Sonrasında tekrar Vltava nehri boyunca yürüyüp Manes köprüsünden Küçük Mahalleye geçtim. (Bu arada Vltava nehri boyunca tekneler ile gezilerde mevcut, ben katılmadım, yürümeyi tercih ettim.) Şeytan Deresi ve civarı hakikaten çok güzeldi, çok ilginçti. Bu arada Küçük Mahalle’de zengin Prag halkı yaşamakta ve çok şık binalardan yada evlerden oluşmaktadır. Ayrıca hemen hemen tüm konsolosluklarda buradadır. Dördüncü gün ; Prag’ın batısında Almanya sınırına yakın bir şehir olan Karlovy Vary’e gittim. Prag’a otobüs ile 2 saat, tren ile 3 saat uzaklıkta olan bir yer. Bu şehir kaplıcaları ve SPA merkezleri ile ünlü bir şehirdir. Ama aynı zamanda çok özel mimarisi olan bir şehir. Becherovka isimli özel bir içkisi de hem burada keşfedilmiş hem de üretim yeri buradadır. Dolayısıyla bu içkiyi en ucuz alabileceğiz yer burasıdır ( Prag’a nazaran ). İçki özel bir likör olup eski zamanlarda mide hastalıkları için keşfedilmiş ama halkın beğenisi ile içki olarak kullanılmaya başlamıştır.
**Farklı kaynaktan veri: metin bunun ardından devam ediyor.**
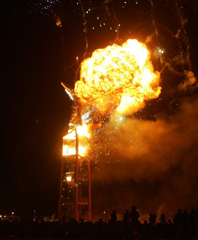 The nine-day event culminates with the burning of a towering 40-foot effigy made of wood. Attendees have tried to run into the flames as a symbol of rebirth.

Karlovy Vary’de Diana Kulesi diye bir yer var ki çıkmanızı şiddetle tavsiye ederim, finiküler ile gidilen dağın tepesinde bir kule. Sadece Karlovy Vary değil uçsuz bucaksız süper bir manzara sizi bekliyor, hayran kaldım.





























Akşamüzeri tekrar Prag’a döndüm ve Belediye sarayında ( Municipal House ) Çek filarmoni orkestrasının yaklaşık 2 saatlik klasik müzik konserine gittim. Tek kelime ile süperdi, bittiğinde dakikalarca ayakta alkışladım. Son günümde ise daha çok yeni şehir tarafı ile eski şehir tarafındaki alış veriş mağazalarında saatlerimi geçirdim. Sonuç olarak böylesine güzel yerler görmek, müzeler gezmek, tarihi koklamak, güzel biralar içmek ( ki Prag’ın biraları çok ünlüdür ), harika yemekler yemek , müziğe doymak kısacası bir masal yaşamak istiyorsanız gideceğiniz adres PRAG’dır.